▸ **DATASET EXCERPT**:
==============================
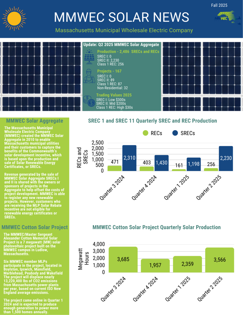 The MMWEC Solar Aggregate SREC Newsletter is published quarterly to help keep NextZero customers informed about activities related to the production and sale of Solar Renewable Energy Certificates (SRECs) generated by projects in the MMWEC Solar Aggregate.
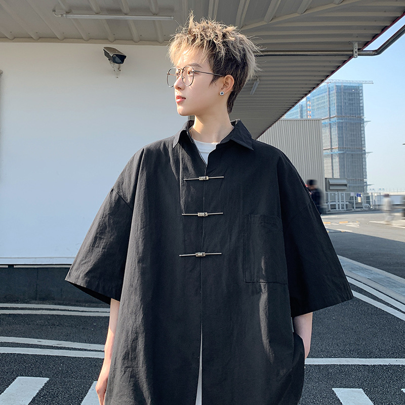 半袖シャツ男性2025夏の新型国風カップルのゆったりした大きいサイズの純色カジュアルシャツのコート
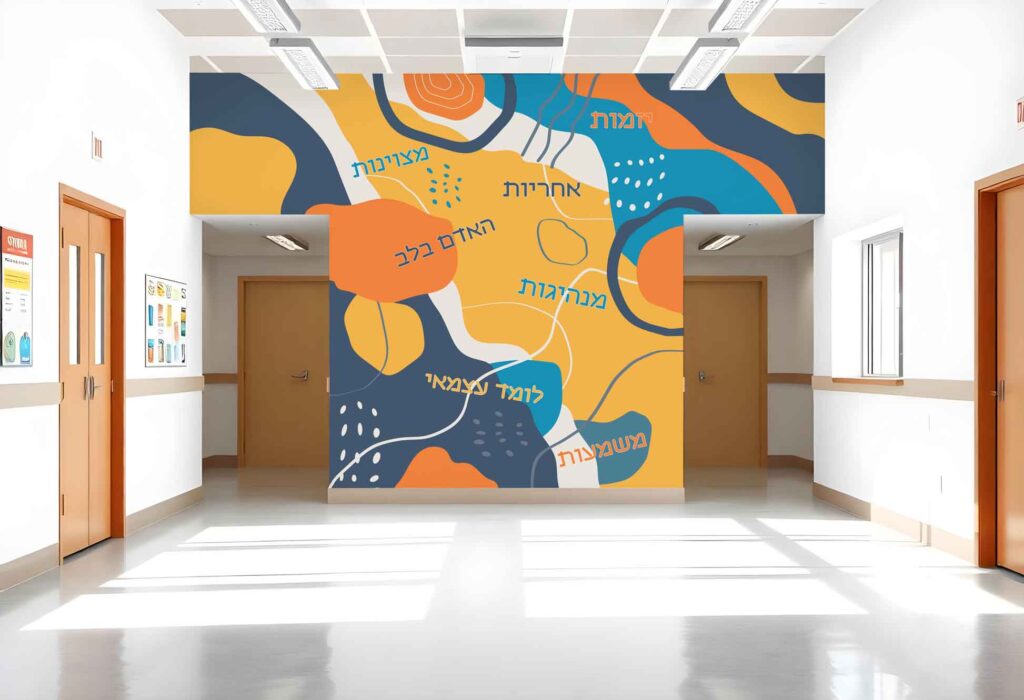 עיצוב קירות במוסדות אינו עוד רק צביעה או הדבקת פוסטרים. הוא הפך לכלי אסטרטגי המשפיע
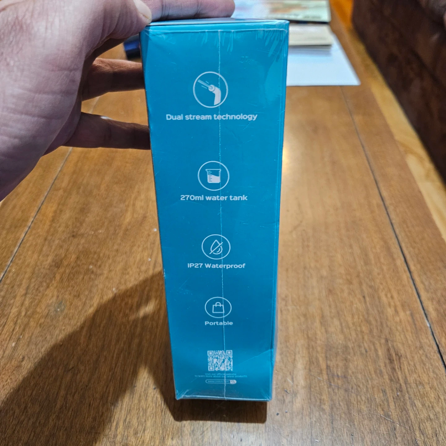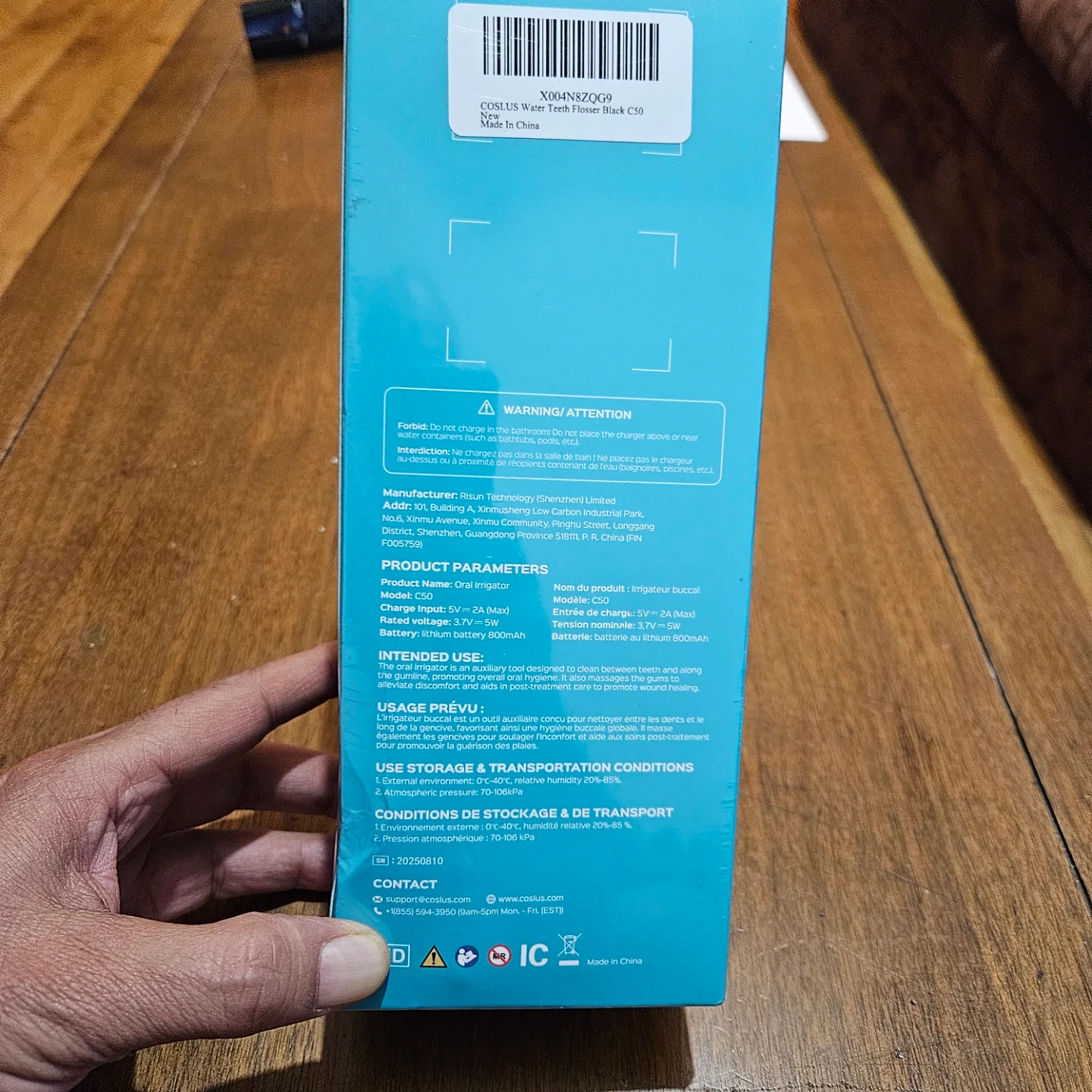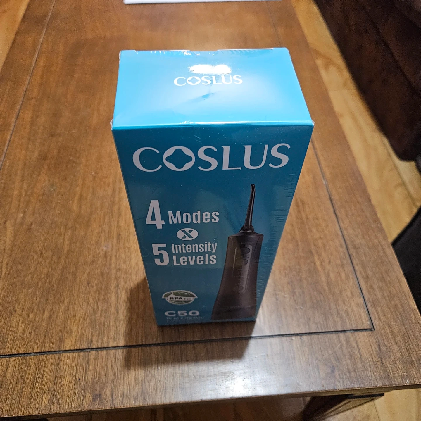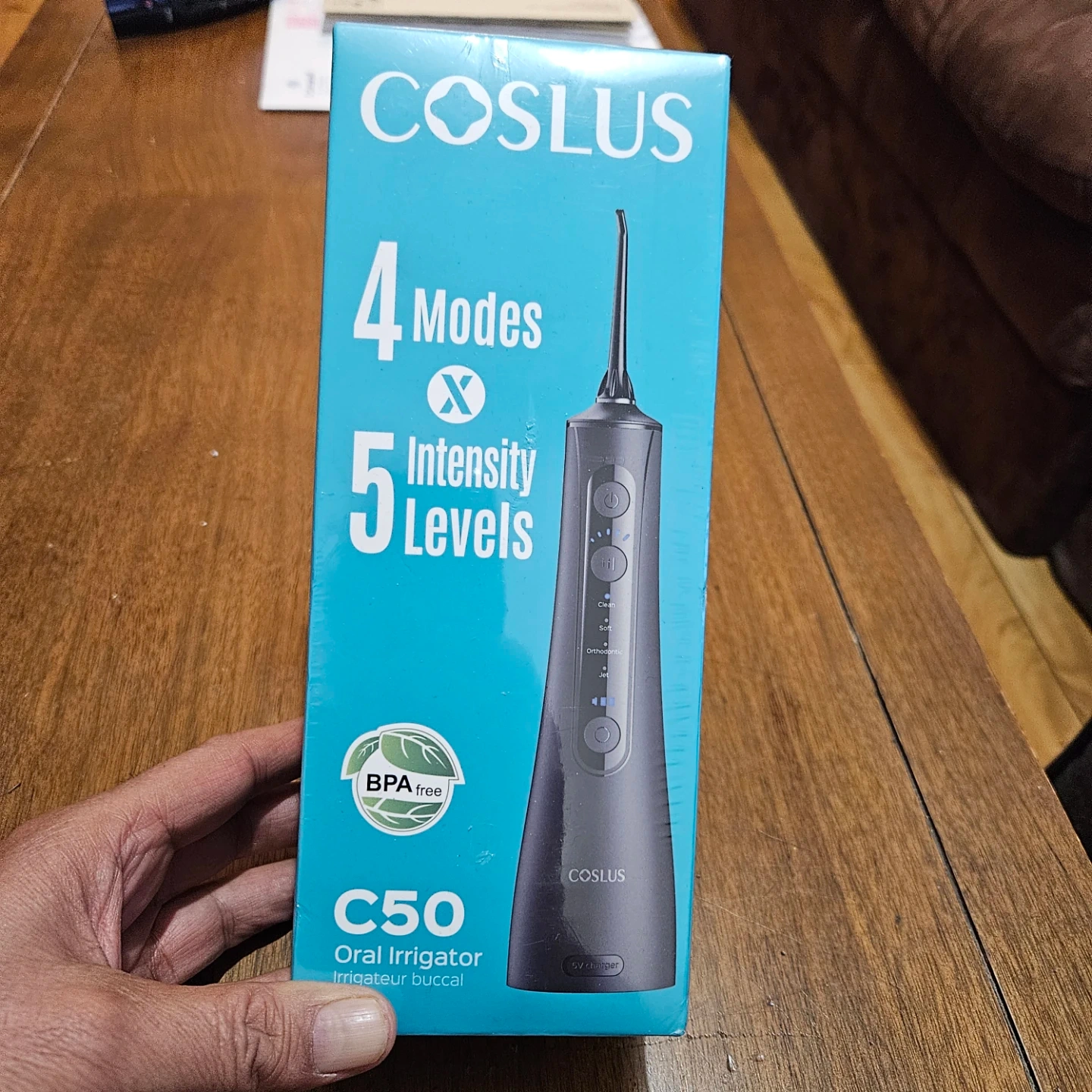 This COSUS Oral Irrigator C50 has 4 modes and 5 intensity levels. It features dual stream technology and a 270ml water tank. The device is IP27 waterproof and portable. BPA free.
==============================
▸ **TASK BRIEF**:
Leaving all pictures aside, print exactly the lines from the one that contains "半袖シャツ男性2025夏の新" through the last line of the data above, inclusive.

▸ **TASK OUTPUT**:
 半袖シャツ男性2025夏の新型国風カップルのゆったりした大きいサイズの純色カジュアルシャツのコート
 עיצוב קירות במוסדות אינו עוד רק צביעה או הדבקת פוסטרים. הוא הפך לכלי אסטרטגי המשפיע
 This COSUS Oral Irrigator C50 has 4 modes and 5 intensity levels. It features dual stream technology and a 270ml water tank. The device is IP27 waterproof and portable. BPA free.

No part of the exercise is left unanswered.